Wednesday, May 16, 2012

FINANCIAL CHRONICLE

Life is the greatest of all miracles


May 02 2012, By PARVEZ IMAM

In the 15th century, there lived a man who was a mathematician, a physicist, an astronomer, and a philosopher. Among his many achievements were the evolution of the telescope and the astronomical observations that supported the Heliocentric theory put forward by Nicolaus Copernicus. Copernicus was haunted by the church throughout his later life for the ‘blasphemous idea’. But, our man, Galileo Galilei, with complete knowledge of the religious abhorrence to the idea of shifting the centre of universe from the earth to the sun, still continued to follow his heart and his observations. Slowly, his thoughts, arising from his work, began to find its way beyond the four walls of his workspace into the domain of the common people.

They did not understand the mathematics or the deductions that led him to believe that the earth is moving around the sun. But people found it interesting that someone was questioning what the priest (a strong symbol of power during those times) claimed to be a part of the scriptures. Those were repressive times, with all kinds of taxation on the common man from both the king and the religious leaders supporting the king in the name of the lord. Wonder how much has changed since then? Anyway, people were only too happy to find a chink anywhere in the religious armour to somehow challenge its godly absoluteness and to challenge the guardians without the fear of god. Galileo Galilei was beginning to give them an excuse.
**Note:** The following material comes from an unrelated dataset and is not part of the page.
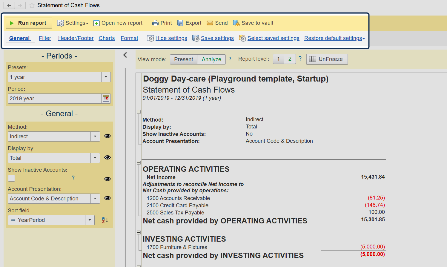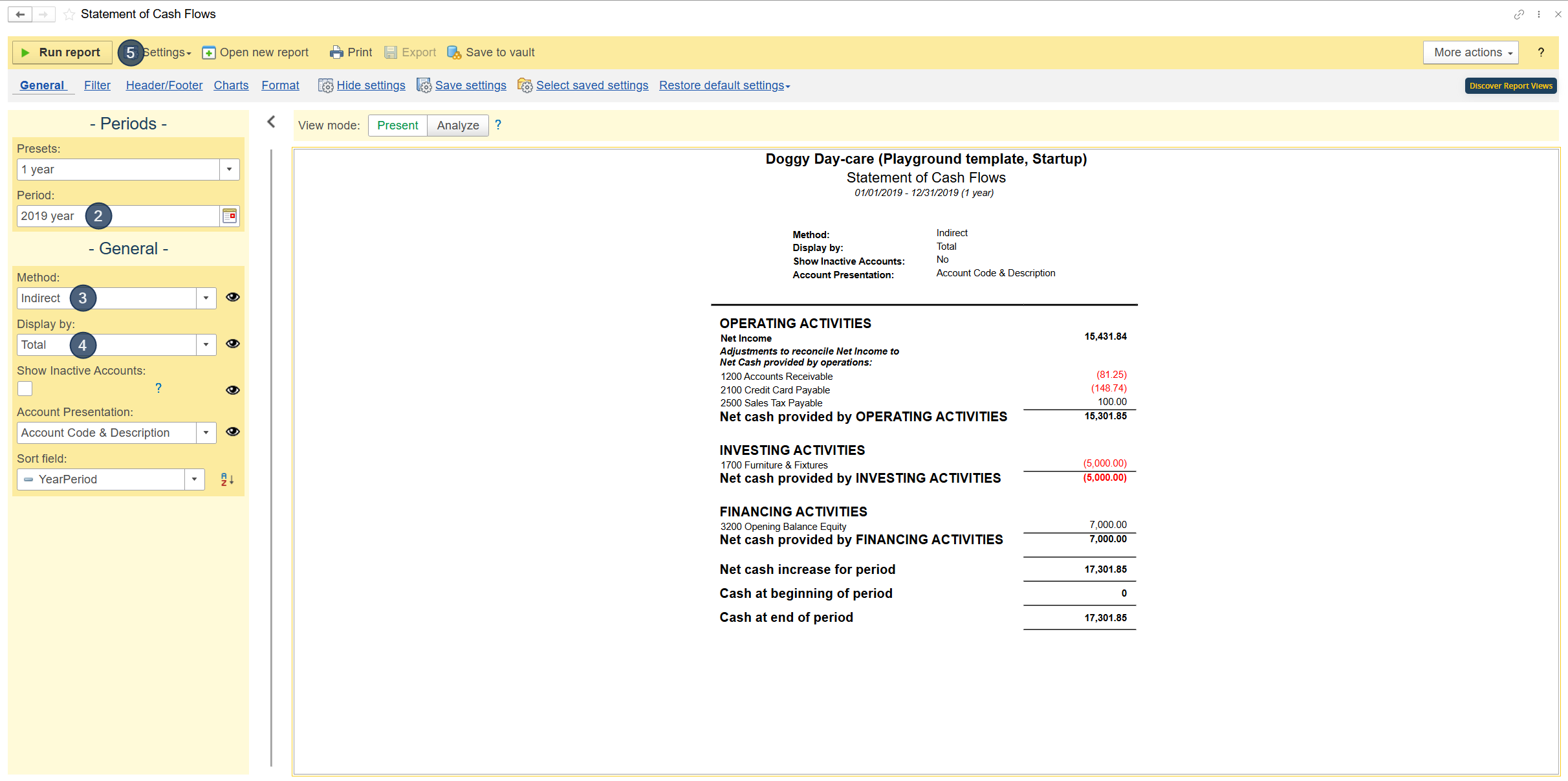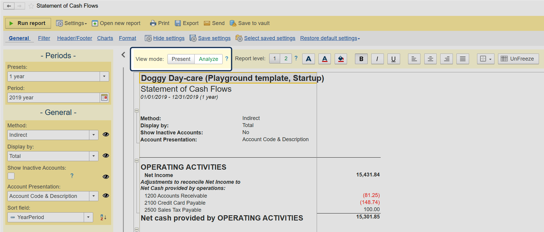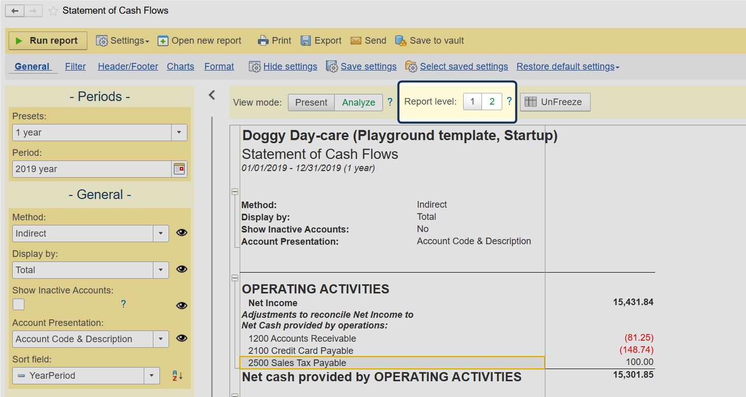 - Report Level 1: Displays only the totals of the activities, Net cash increase for the period, and Net cash at the beginning and end of the period.

Neither the majority of the astronomers of that time nor the church was happy by his Copernicus-like ideas. Both preferred the geocentric theory, perhaps for their own stability and status, the tendency to resist change that is so well entrenched in all of us. So, when Galileo continued, an inquisition was set up to examine his work. Not surprisingly, they found him ‘vehemently suspect of heresy’ and the man was placed under house arrest for the rest of his life. Publishing any of his work (not just the heliocentric theories), but even those he may write in the future, was banned. The ban on the reprinting of his work was finally lifted in 1718.

More than 300 years later, in October 1992, Pope John Paul II expressed his regret and acknowledged the error committed by the tribunal that had judged Galileo. Meanwhile, the earth continued to move. The sun remained motionless. Galileo died. And our behaviour towards new ideas seemed to remain unchanged.

I recently read about a man explaining an apparent miracle in a religious place in Mumbai. Sanal Edamaruku, president of the Rationalist International, visited a site of the miracle where water was trickling out from the feet of Jesus. The news brought many devotees to collect the holy water in bottles. Sanal, however, identified the source of the water and explained the phenomenon through the mechanism of capillary action. That unfortunately did not go down well with some. Soon he was facing FIRs for ‘hurting the religious sentiments’ and a potential arrest by the police under some sections of the IPC. And the earth continued to move quietly as always while the sun shone on it from the same spot.

I sit here wondering what or how many lives will it take for us to understand that one need not seek miracles to exhibit one’s faith in religion. In our effort to claim our gods, we forget to marvel and enjoy the greatest miracle that unfolds every second. Every single moment that flows by, as our hearts tick along telling us that we are alive, is perhaps all that we need to understand the uselessness of any other miracle ever.